- **Brief**
The output should be the listing below, limited to the lines from the one with "ダイヤモンドアート 0485 花瓶" through the one with "Black stained porcelain, laminated", exact and without pictures.

- **Entries shown**
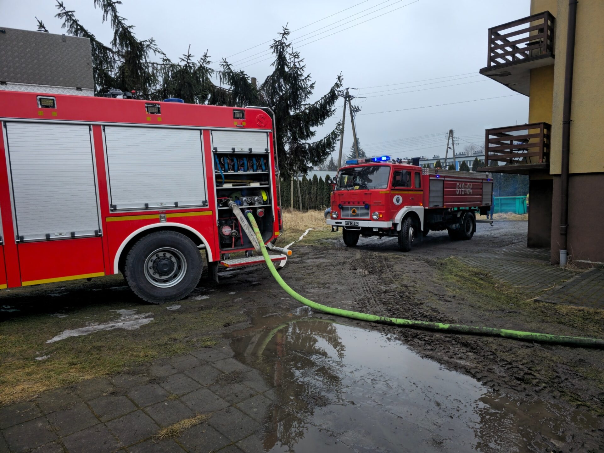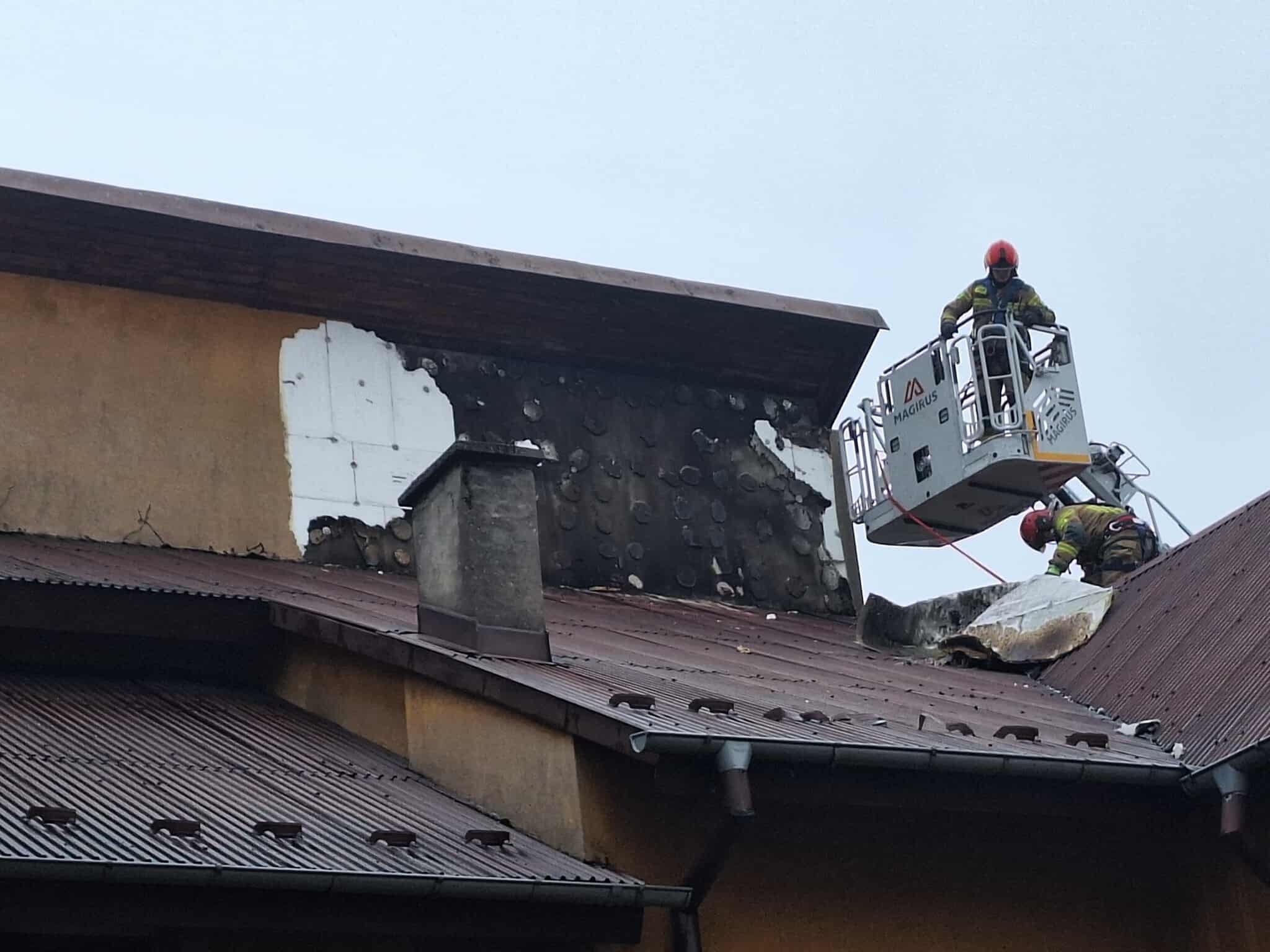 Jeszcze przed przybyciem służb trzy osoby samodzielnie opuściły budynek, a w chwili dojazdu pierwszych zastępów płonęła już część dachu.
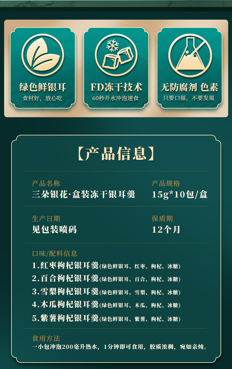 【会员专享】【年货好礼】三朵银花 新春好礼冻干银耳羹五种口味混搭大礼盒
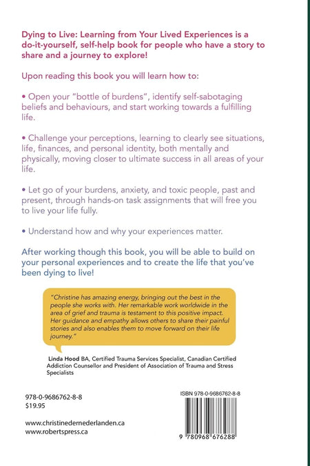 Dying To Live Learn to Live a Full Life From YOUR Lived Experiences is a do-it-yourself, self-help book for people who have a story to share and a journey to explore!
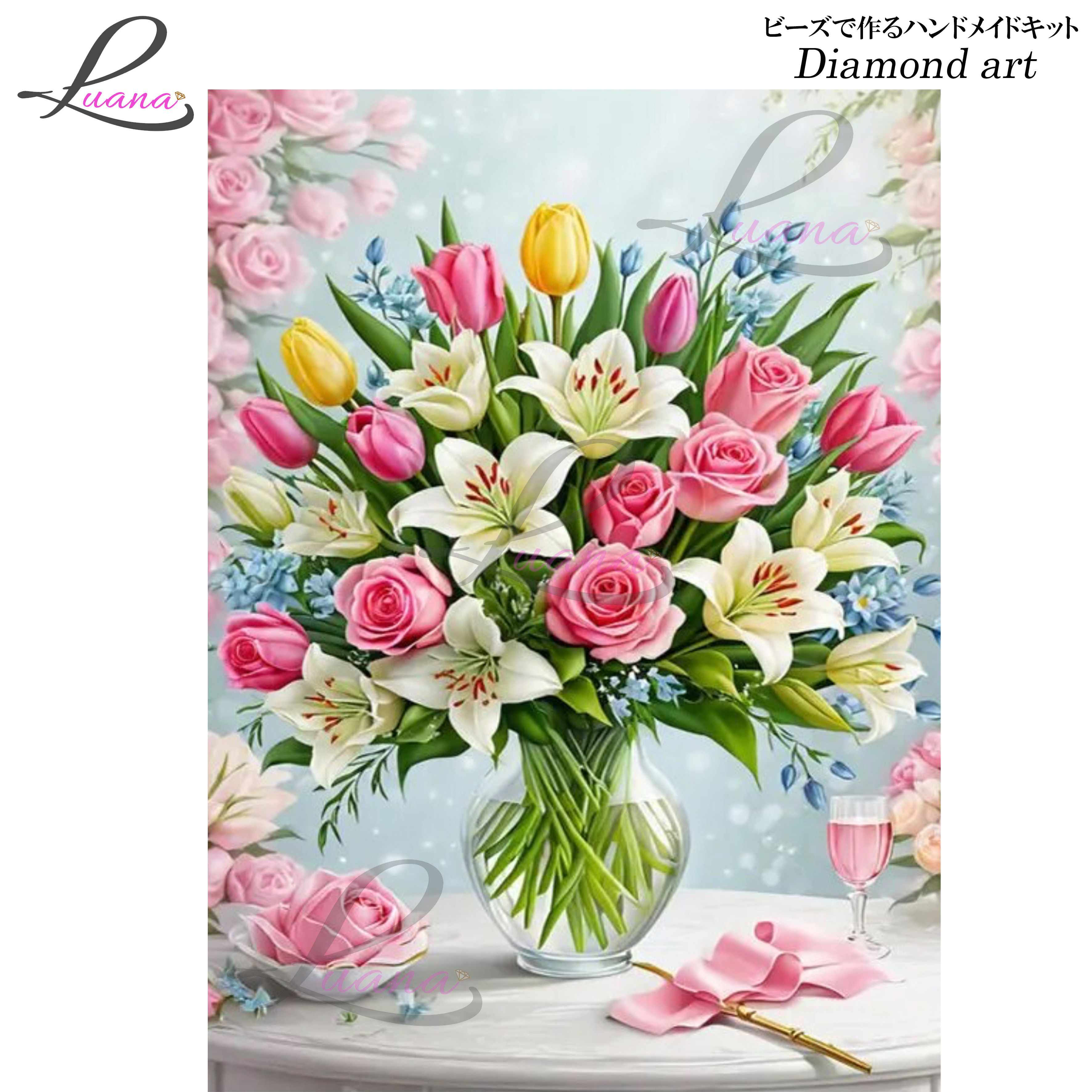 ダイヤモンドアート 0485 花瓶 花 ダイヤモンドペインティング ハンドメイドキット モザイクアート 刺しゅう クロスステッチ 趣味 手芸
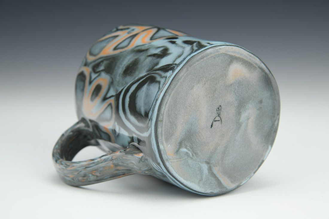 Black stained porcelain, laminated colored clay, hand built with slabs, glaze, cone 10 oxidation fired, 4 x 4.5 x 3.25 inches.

* * *

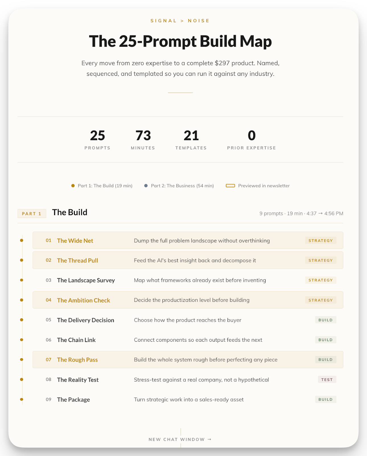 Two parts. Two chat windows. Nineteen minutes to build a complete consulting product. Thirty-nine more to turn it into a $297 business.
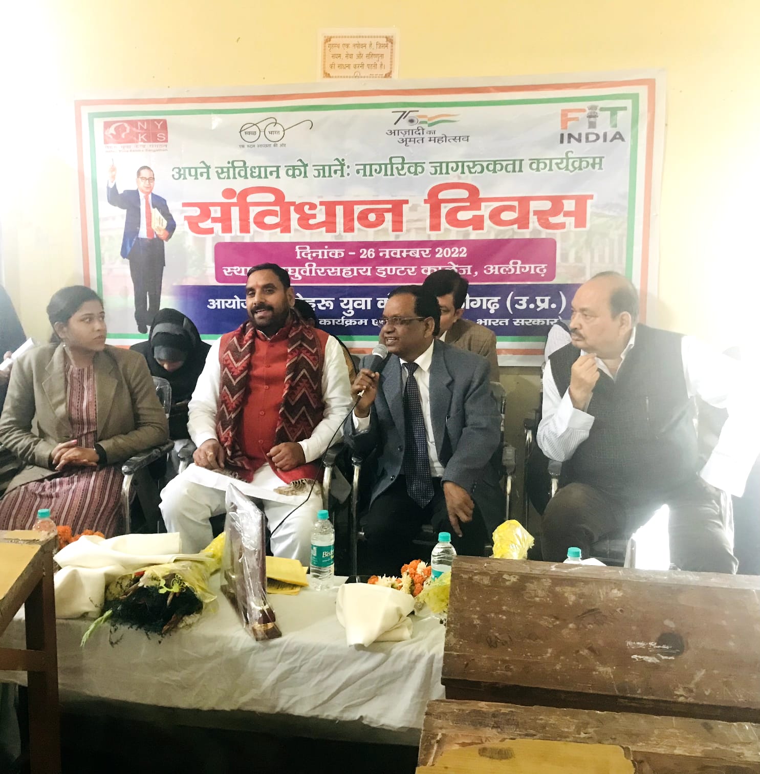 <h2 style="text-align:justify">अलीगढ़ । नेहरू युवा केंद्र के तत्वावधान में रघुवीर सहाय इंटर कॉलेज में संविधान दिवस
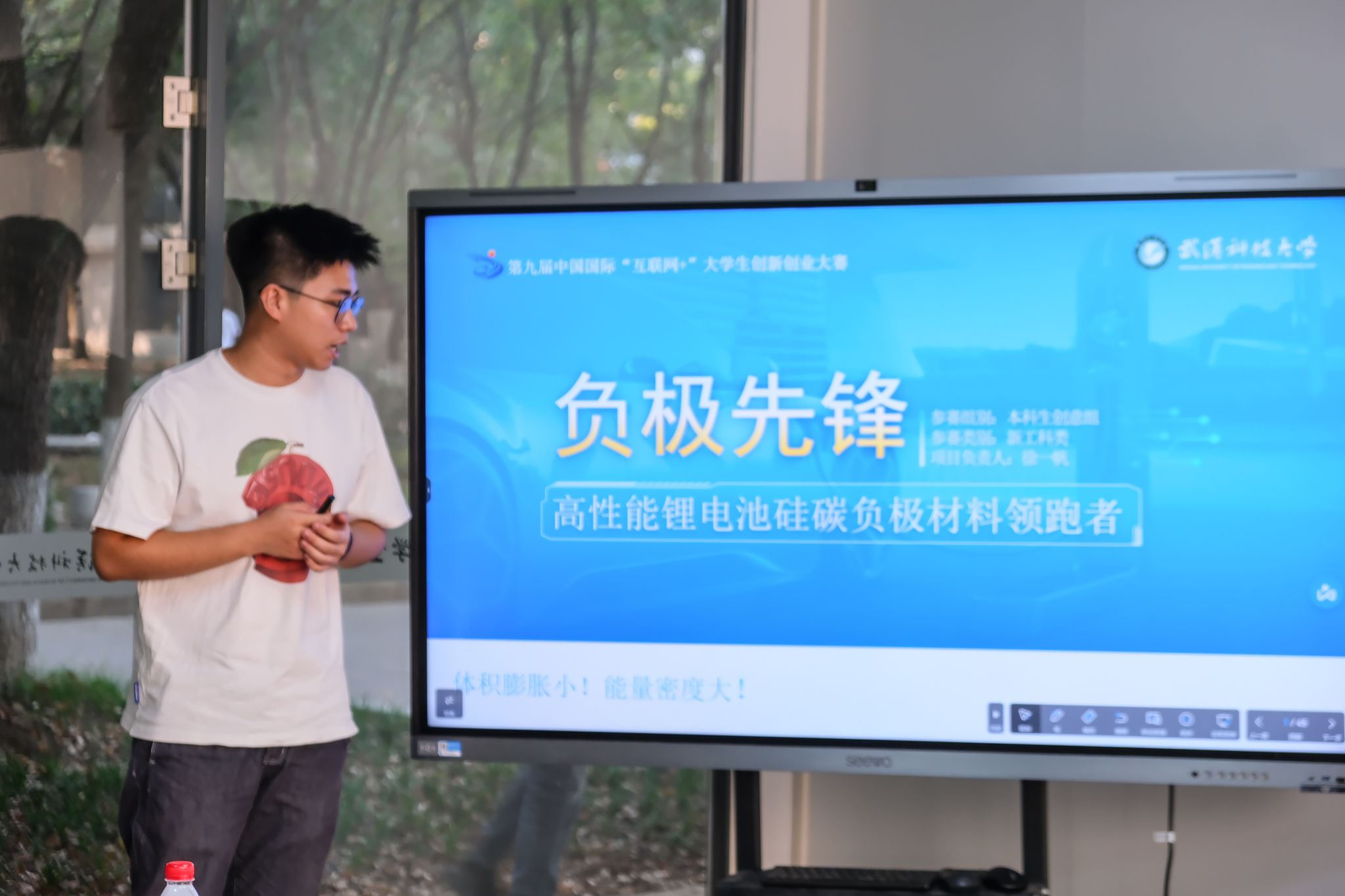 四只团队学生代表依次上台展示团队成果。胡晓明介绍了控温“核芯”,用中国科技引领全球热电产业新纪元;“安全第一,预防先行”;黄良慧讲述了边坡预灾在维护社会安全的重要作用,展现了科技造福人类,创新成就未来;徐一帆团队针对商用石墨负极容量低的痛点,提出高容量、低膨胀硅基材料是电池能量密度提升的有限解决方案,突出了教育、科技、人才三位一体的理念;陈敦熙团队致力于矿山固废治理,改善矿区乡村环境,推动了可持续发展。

- **Solution to this exercise**
 ダイヤモンドアート 0485 花瓶 花 ダイヤモンドペインティング ハンドメイドキット モザイクアート 刺しゅう クロスステッチ 趣味 手芸
 Black stained porcelain, laminated colored clay, hand built with slabs, glaze, cone 10 oxidation fired, 4 x 4.5 x 3.25 inches.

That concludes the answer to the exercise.